Weak<LockedExt4Inode> is used to avoid extending the inode's lifetime.
Linux Reference: Linux 6.6 uses a per-backing-device bdi_writeback.b_dirty linked list + the inode->i_lock spinlock + the I_DIRTY state flag in i_state. __mark_inode_dirty() checks was_dirty = i_state & I_DIRTY to determine if the inode is already in the dirty list, preventing duplicate enqueueing.
DragonOS Implementation: Uses InodeDirtyState: u32 defined with bitflags!, with bit positions aligned to Linux's I_DIRTY_*.
DragonOS simplifies this to a single Mutex + bitflags; the lockless fast path is not yet implemented.

2. Adding a VFS `write_inode` Callback

A write_inode() method (default no-op) is added to the IndexNode trait, corresponding to Linux's super_operations.write_inode.
LockedExt4Inode implements write_inode, calling the existing flush_metadata to write back size/mtime.
MountFSInode forwards the call to the inner inode. Inodes without on-disk metadata, such as procfs, sysfs, pipes, and sockets, use the default implementation and do not block.
Known Simplification: Linux's write_inode accepts a struct writeback_control *wbc parameter (containing WB_SYNC_NONE/WB_SYNC_ALL modes). DragonOS does not yet implement this parameter. There is no impact at present; it will need to be added when periodic asynchronous writeback is implemented later.

3. Adding a VFS `sync_fs` Callback

A sync_fs(wait: bool) method (default no-op) is added to the FileSystem trait, corresponding to Linux's super_operations.sync_fs.
Ext4FileSystem implements sync_fs, calling flush_dirty_inodes to flush dirty inode metadata to disk.
MountFS forwards the call to the inner file system.
Current Limitation: The wait parameter is currently unused. In Linux ext4, wait controls whether jbd2_log_wait_commit waits for journal commit and whether a blkdev_issue_flush barrier is sent. DragonOS ext4 has no journaling mechanism; sync_fs only executes flush_dirty_inodes, and wait does not affect behavior.
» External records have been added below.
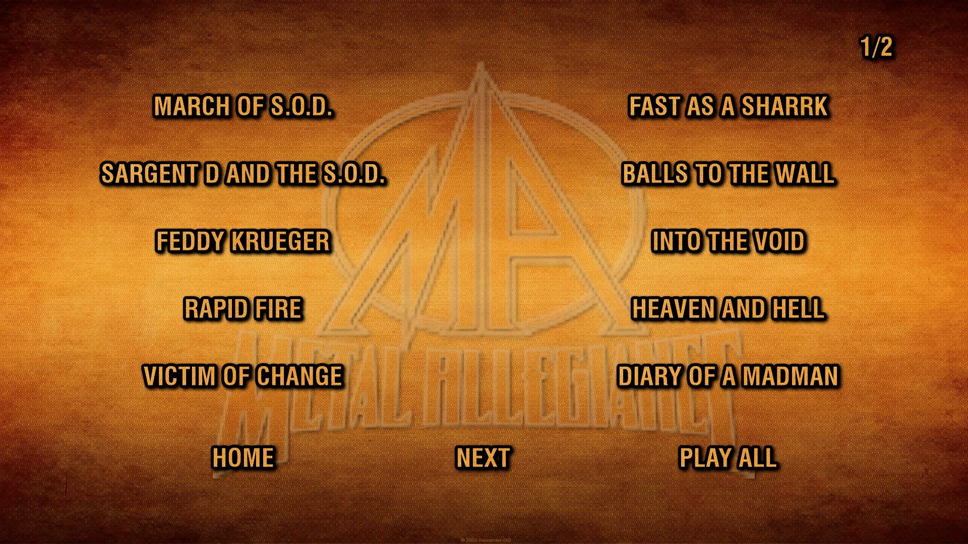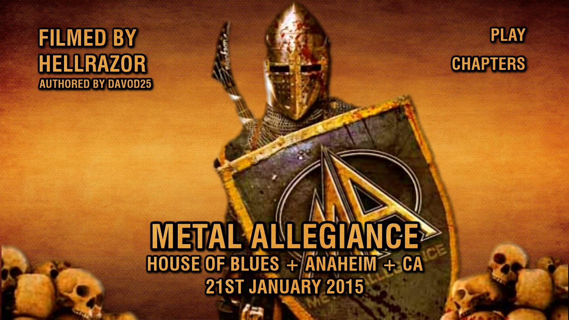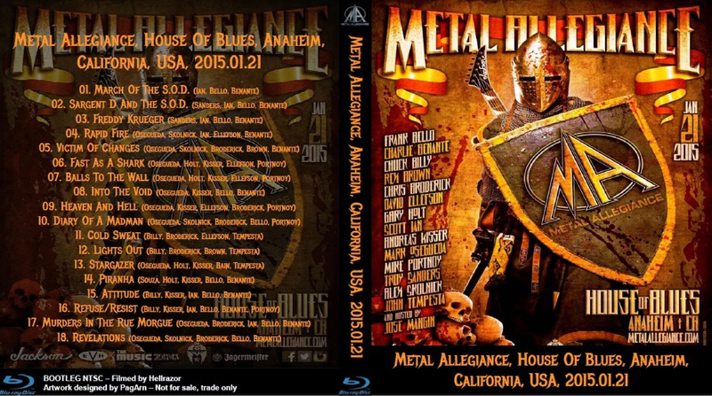 1. March of the SOD (Ian, Bello, Benante) 2. Sargent D And The S.O.D. (Sanders, Ian, Bello, Benante) 3. Freddy Krueger (Sanders, Ian, Bello, Benante) 4. Rapid Fire (Osegueda, Skolnick, Ian, Ellefson, Benante) 5. Victim of Changes (Osegueda, Skolnick, Broderick, Brown, Benante) 6. Fast as a Shark (Osegueda, Holt, Kisser, Ellefson, Portnoy ) 7. Balls to the Wall (Osegueda, Holt, Kisser, Ellefson, Portnoy) 8. Into the Void (Osegueda, Kisser, Bello, Benante) 9. Heaven and Hell (Osegueda, Kisser, Ellefson, Broderick, Portnoy) 10. Diary of a Madman (Osegueda, Skolnick, Broderick, Bello, Portnoy) 11. Cold Sweat (Billy, Broderick, Ellefson, Tempesta) 12. Lights Out (Billy, Broderick, Brown, Tempesta) 13. Stargazer (Osegueda, Holt, Kisser, Bain, Tempesta ) Kill the King (Osegueda, Holt, Kisser, Bain, Tempesta ) 14. Piranha (Souza, Holt, Kisser, Bello, Benante) 15. Attitude (Billy, Kisser, Ian, Bello, Benante) 16. Refuse/Resist (Billy, Kisser, Ian, Bello, Benante, Portnoy) Territory (Billy, Kisser, Ellefson, Ian, Portnoy) 17. Murders in the Rue Morgue (Osegueda, Broderick, Ian, Bello, Benante) 18. Revelations (Osegueda, Skolnick, Broderick, Bello, Benante) Runnin' With the Devil (Van Halen cover) (Skolnick, T. Sanders, Portnoy, K. Sanders) Eruption (Van Halen cover) (Skolnick, T. Sanders, Portnoy) You Really Got Me (The Kinks cover) Atomic Punk (Van Halen cover) (Skolnick, T. Sanders, Portnoy, K. Sanders) Cold Gin (KISS cover) (All "Metal Allegiance" on stage) I Love It Loud (KISS cover) (All "Metal Allegiance" on stage) Highway to Hell (AC/DC cover) (All "Metal Allegiance" on stage)
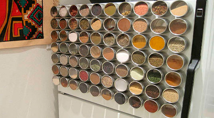 - пересыпать специи в маленькие баночки, приклеить на крышки магнитики и примагничивать их снизу к кухонному рейлингу или к металлическому листу, поверхности холодильника;
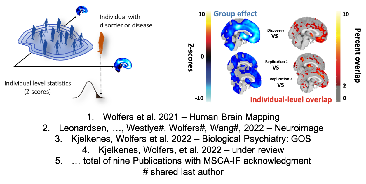 The intricacies of the human mind and its disorders are one of the remaining modern-day enigmas. Whereas recent advances in brain imaging and genetics are currently changing the clinical neurosciences by identifying novel general mechanisms of complex traits underlying risk and resilience at the group level, our understanding of individual-level causes and mechanisms of mental disorder has remained almost unchanged which is important because clinical management must be performed at the individual level. During the Marie Sklodowska Curie Actions-Standard European-Individual Fellowship (MSCA-SE-IF) Thomas Wolfers addressed this challenge by expending the normative modelling framework. During the period of the fellowship Thomas published nine articles with the MSCA-IF acknowledgement with the main outcomes: 1) I developed cognitive and genetic normative models, 2) scaled the normative modelling framework to become relevant for genetic analyses, 3) contributed to deep learning approaches for ageing, transfer learning and disease/disorder predictions, 4) mapped various disorders and diseases, 5) replicated our findings in independent publications 6) contributed to the organisation of various courses and workshops and 7) gave talks at various universities world-wide. This work resulted in a successful application for a research group leader position at the University of Tübingen in Germany. With my emerging “Laboratory for Mental Health Mapping ( https://mhm-lab.github.io )”, I will continue and refine the work started during this fellowship building an independent research line. Thus, the results of this fellowship will be further exploited and developed.
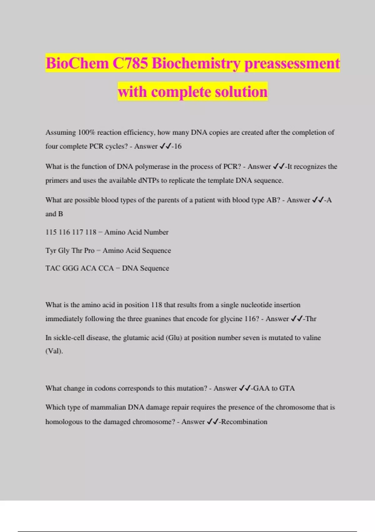 BioChem C785 Biochemistry preassessment with complete solution
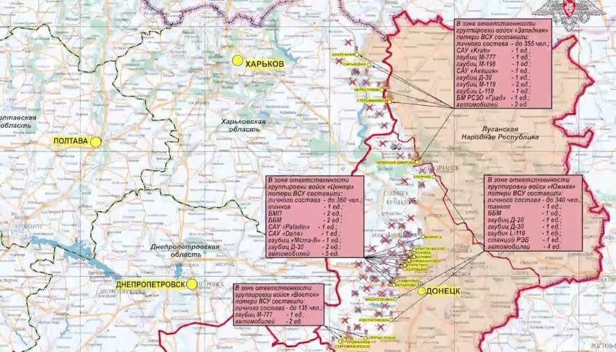 Всего с начала проведения специальной военной операции уничтожено: 593 самолета, 270 вертолетов, 23762 беспилотных летательных аппарата, 512 зенитных ракетных комплексов, 15917 танков и других боевых бронированных машин, 1279 боевых машин реактивных систем залпового огня, 9314 орудий полевой артиллерии и минометов, а также 21479 единиц специальной военной автомобильной техники.
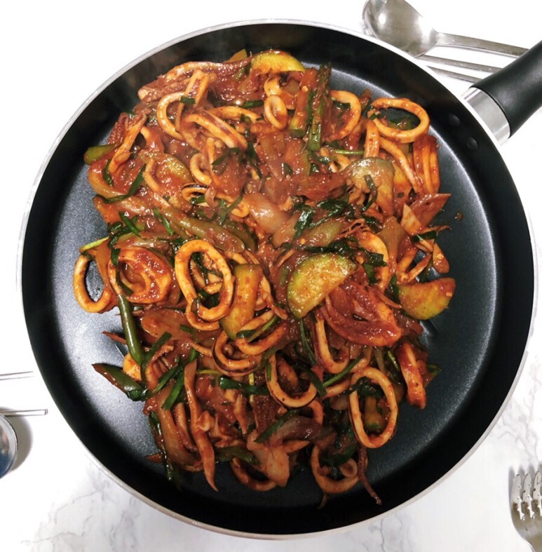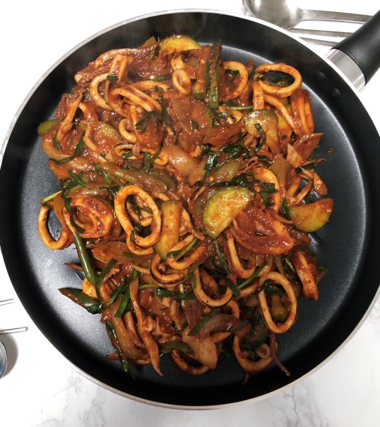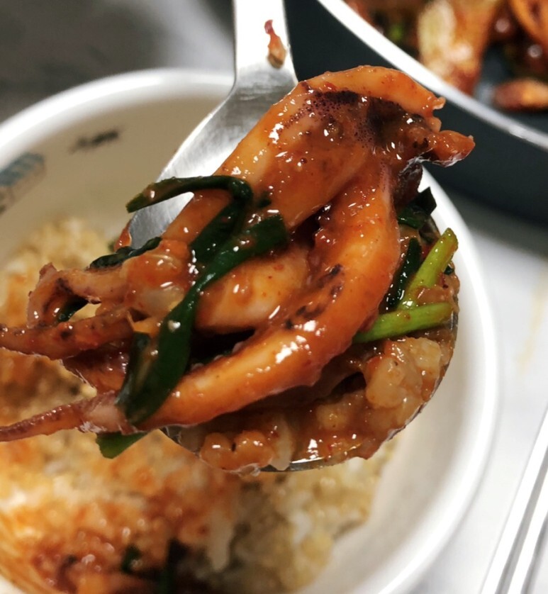 매콤한 오징어볶음을 좋아하는 남편 덕분에 #오징어볶음만들기 달인이 된 거 같아요 ㅋㅋ 국물이 많은 건 싫어하는 점점 입맛 까다로워지는 남편 취향에 맞춘 오징어볶음
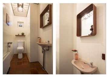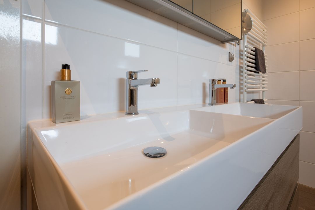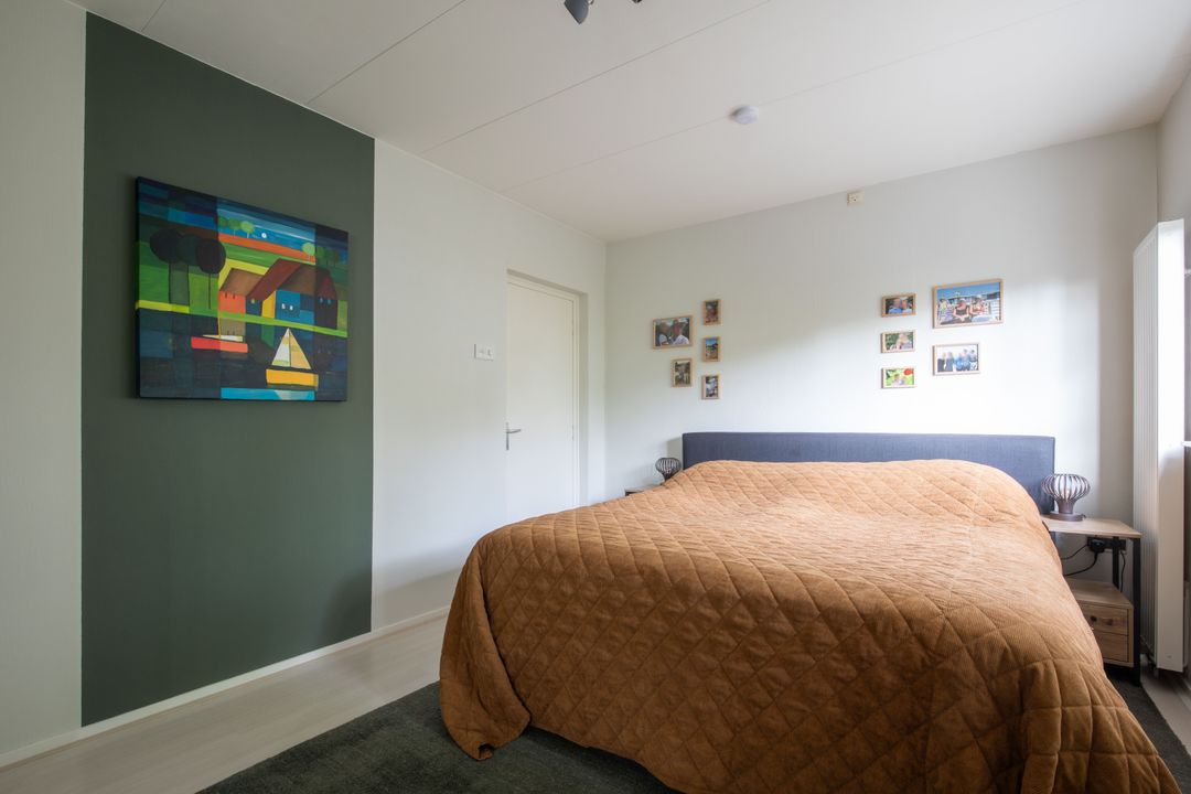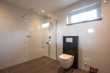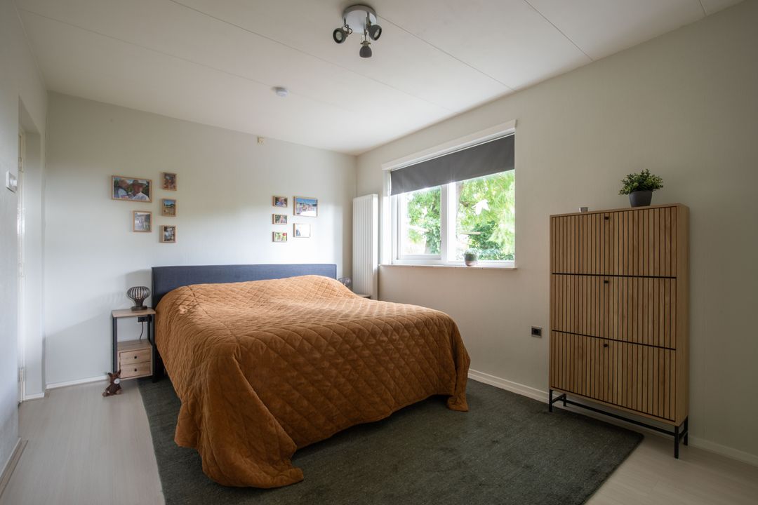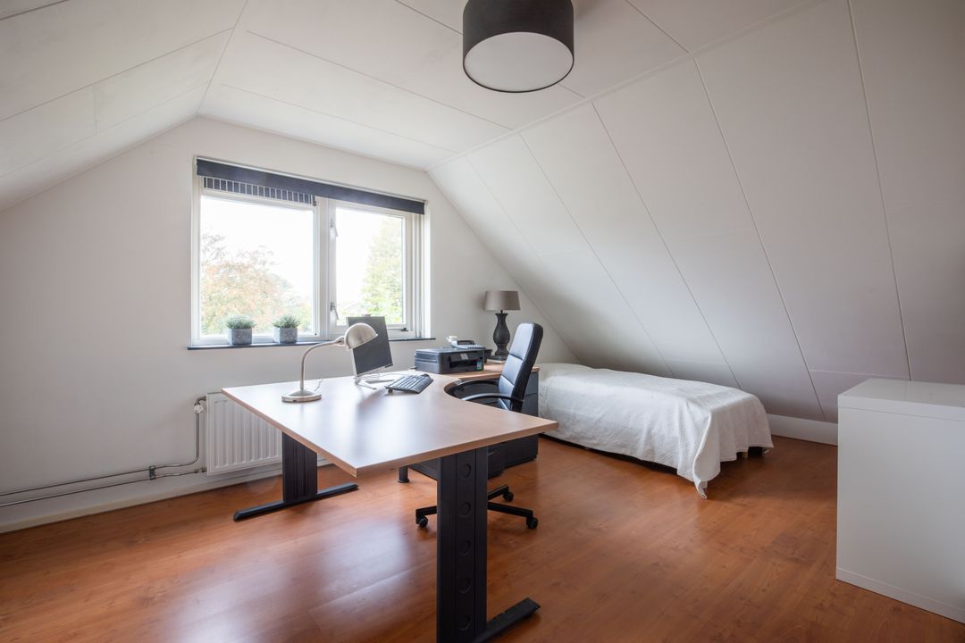 Op de begane grond bevindt zich tevens een ruime slaapkamer met vaste kastenwand en een ensuite badkamer die is gerenoveerd in 2019. De badkamer is uitgevoerd met een stortdouche, dubbele wastafel met meubel, spiegelkast, zwevend toilet en comfortabele vloerverwarming. Uitstekend geschikt voor gelijkvloers wonen.

4. Rewriting the `sync(2)` System Call

Aligns with the Linux ksys_sync() flow:

Step 1: flush_dirty_pages() — Wakes up to write back dirty pages (corresponds to wakeup_flusher_threads(WB_REASON_SYNC))
Step 2: Calls sync_inodes_of_mount for each superblock (corresponds to iterate_supers(sync_inodes_one_sb, NULL) → sync_inodes_sb)
Step 3: Calls sync_fs(false) for each superblock (corresponds to iterate_supers(sync_fs_one_sb, &nowait), submitting metadata without waiting)
Step 4: Calls sync_fs(true) for each superblock (corresponds to iterate_supers(sync_fs_one_sb, &wait), waiting for metadata to hit disk)

All errors during the steps are discarded and 0 is always returned, matching the semantics of Linux sync(2).
Known Missing Features: In Linux, sync_bdevs(false) and sync_bdevs(true) are also executed after step 4 to flush block device caches. DragonOS does not yet have a block device barrier layer, so this step is not implemented.

5. Rewriting the `syncfs(2)` System Call

Aligns with the Linux SYNCFS(2) → sync_filesystem() flow. syncfs directly calls the MountFS::sync_filesystem() method, which internally orchestrates the complete synchronization sequence:

sync_inodes_of_mount (corresponds to writeback_inodes_sb(sb, WB_REASON_SYNC), starting dirty page writeback)
sync_fs(false) (corresponds to sync_fs(sb, 0), non-waiting mode)
sync_inodes_of_mount (corresponds to sync_inodes_sb(sb), synchronously waiting for all inode writeback to complete)
sync_fs(true) (corresponds to sync_fs(sb, 1), waiting mode)

The sync_filesystem method encapsulates the read-only check (is_readonly returns Ok directly). syncfs no longer orchestrates the steps manually; it delegates to MountFS::sync_filesystem() and maps errors to return values.
For non-VFS file descriptors (pipes, sockets, etc.), if downcast_arc::<MountFSInode> fails, it returns EBADF directly, aligning with Linux behavior (the pseudo-filesystems for these fds are read-only, so sync_filesystem checks sb_rdonly and returns 0 immediately).
O_PATH fds return EBADF, aligning with the FMODE_PATH mask filtering in Linux's fdget().
Known Missing Features:

Inside Linux's sync_filesystem, sync_blockdev_nowait(sb->s_bdev) / sync_blockdev(sb->s_bdev) are executed. DragonOS does not yet have a block device barrier layer.
Linux's sync_filesystem holds down_read(&sb->s_umount) to prevent umount during sync. DragonOS does not yet implement this lock protection.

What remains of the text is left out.